Every AI agent follows the same pattern:
That's it. Let's build it.
mkdir ai-agent
cd ai-agent
bun init -y
bun add openai
We'll use the OpenAI SDK because OpenRouter is API-compatible.
Create agent.ts and let's go.
First, configure the OpenRouter client:
import OpenAI from "openai";
const client = new OpenAI({
baseURL: "https://openrouter.ai/api/v1",
apiKey: process.env.OPENROUTER_API_KEY,
});
const MODEL = "anthropic/claude-3.5-sonnet";
Simple. OpenRouter handles routing to any model.
An agent needs tools. Let's give it two: read files and execute shell commands.
const tools = [
{
type: "function" as const,
function: {
name: "read_file",
description: "Read contents of a file",
parameters: {
type: "object",
properties: {
path: { type: "string", description: "File path to read" },
},
required: ["path"],
},
},
},
{
type: "function" as const,
function: {
name: "execute_command",
description: "Execute a shell command",
parameters: {
type: "object",
properties: {
command: { type: "string", description: "Command to execute" },
},
required: ["command"],
},
},
},
];
These JSON schemas tell the LLM what it can do.
Now the actual functions:
import { readFileSync } from "fs";
import { execSync } from "child_process";
async function executeTool(name: string, args: any): Promise<string> {
try {
if (name === "read_file") {
return readFileSync(args.path, "utf-8");
} else if (name === "execute_command") {
return execSync(args.command, { encoding: "utf-8", maxBuffer: 10 * 1024 * 1024 });
}
return "Unknown tool";
} catch (error: any) {
return `Error: ${error.message}`;
}
}
Read files, run commands, catch errors. That's all we need.

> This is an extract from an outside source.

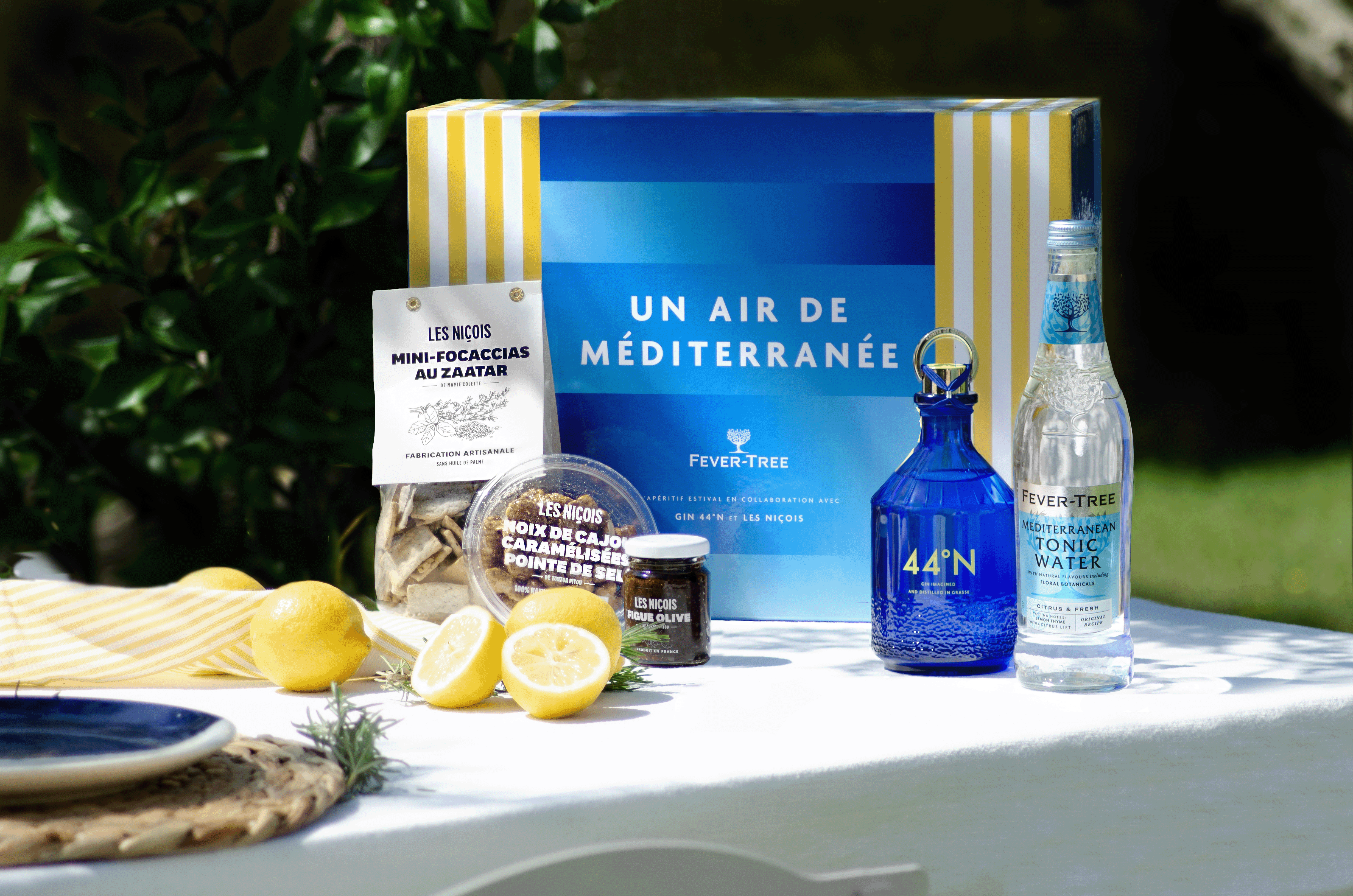 Un coffret idéal pour les amoureux du Sud de la France et ses cigales ! Au programme, un kit complet pour préparer un apéritif estival autour du célèbre cocktail qu’est le Gin Tonic et quelques gourmandises de l’épicerie Les Niçois. À l’intérieur : une bouteille de Fever-Tree Mediterranean Tonic Water, le mixer au thym citron et au romarin qui transporte instantanément en Provence, un sublime flacon contenant du Gin 44°N (le premier à être distillé sur la Côte d’Azur) ainsi que des produits d’épicerie fine du spécialiste de l’apéritif Méditerranéen « Les Niçois » (Mini-focaccias au zaatar, noix de cajou caramélisées à la fleur de sel, tartinable figue/olive). Le meilleur de la French Riviera ! // An ideal gift set for lovers of the South of France and its cicadas ! On the program: a complete kit to prepare a summer aperitif around the famous Gin Tonic cocktail and a few delicacies from Les Niçois grocery store. Inside : a bottle of Fever-Tree Mediterranean Tonic Water, the lemon thyme and rosemary mixer that instantly transports you to Provence, a sublime bottle containing Gin 44°N (the first to be distilled on the Côte d’Azur) and delicatessen products from Mediterranean aperitif specialist Les Niçois (Mini-focaccias with zaatar, caramelized cashews with salt flower, fig/olive spread). The best of the French Riviera !

Here's where it gets interesting:
async function runAgent(userMessage: string) {
const messages: any[] = [
{
role: "system",
content: "You are a helpful coding assistant. Use tools to help the user.",
},
{ role: "user", content: userMessage },
];
while (true) {
const response = await client.chat.completions.create({
model: MODEL,
messages,
tools,
});
const message = response.choices[0].message;
messages.push(message);
// If no tool calls, we're done
if (!message.tool_calls || message.tool_calls.length === 0) {
console.log(message.content);
break;
}
// Execute each tool call
for (const toolCall of message.tool_calls) {
const args = JSON.parse(toolCall.function.arguments);
const result = await executeTool(toolCall.function.name, args);
console.log(`[${toolCall.function.name}] ${JSON.stringify(args)}`);
messages.push({
role: "tool",
tool_call_id: toolCall.id,
content: result,
});
}
}
}
This is the heart of the agent:
Make it usable:
const prompt = process.argv.slice(2).join(" ");
if (!prompt) {
console.log("Usage: bun agent.ts <your request>");
process.exit(1);
}
runAgent(prompt);
export OPENROUTER_API_KEY="your-key-here"
bun agent.ts "read package.json and tell me what dependencies I have"
The agent will:
That's an AI agent.
Here's everything together:
import OpenAI from "openai";
import { readFileSync } from "fs";
import { execSync } from "child_process";
const client = new OpenAI({
baseURL: "https://openrouter.ai/api/v1",
apiKey: process.env.OPENROUTER_API_KEY,
});
const MODEL = "anthropic/claude-3.5-sonnet";
const tools = [
{
type: "function" as const,
function: {
name: "read_file",
description: "Read contents of a file",
parameters: {
type: "object",
properties: {
path: { type: "string", description: "File path to read" },
},
required: ["path"],
},
},
},
{
type: "function" as const,
function: {
name: "execute_command",
description: "Execute a shell command",
parameters: {
type: "object",
properties: {
command: { type: "string", description: "Command to execute" },
},
required: ["command"],
},
},
},
];
async function executeTool(name: string, args: any): Promise<string> {
try {
if (name === "read_file") {
return readFileSync(args.path, "utf-8");
} else if (name === "execute_command") {
return execSync(args.command, { encoding: "utf-8", maxBuffer: 10 * 1024 * 1024 });
}
return "Unknown tool";
} catch (error: any) {
return `Error: ${error.message}`;
}
}
async function runAgent(userMessage: string) {
const messages: any[] = [
{
role: "system",
content: "You are a helpful coding assistant. Use tools to help the user.",
},
{ role: "user", content: userMessage },
];
while (true) {
const response = await client.chat.completions.create({
model: MODEL,
messages,
tools,
});
const message = response.choices[0].message;
messages.push(message);
if (!message.tool_calls || message.tool_calls.length === 0) {
console.log(message.content);
break;
}
for (const toolCall of message.tool_calls) {
const args = JSON.parse(toolCall.function.arguments);
const result = await executeTool(toolCall.function.name, args);
console.log(`[${toolCall.function.name}] ${JSON.stringify(args)}`);
messages.push({
role: "tool",
tool_call_id: toolCall.id,
content: result,
});
}
}
}
const prompt = process.argv.slice(2).join(" ");
if (!prompt) {
console.log("Usage: bun agent.ts <your request>");
process.exit(1);
}
runAgent(prompt);
This is minimal but functional. You could add:
But you don't need any of that to understand how agents work. It's just a loop.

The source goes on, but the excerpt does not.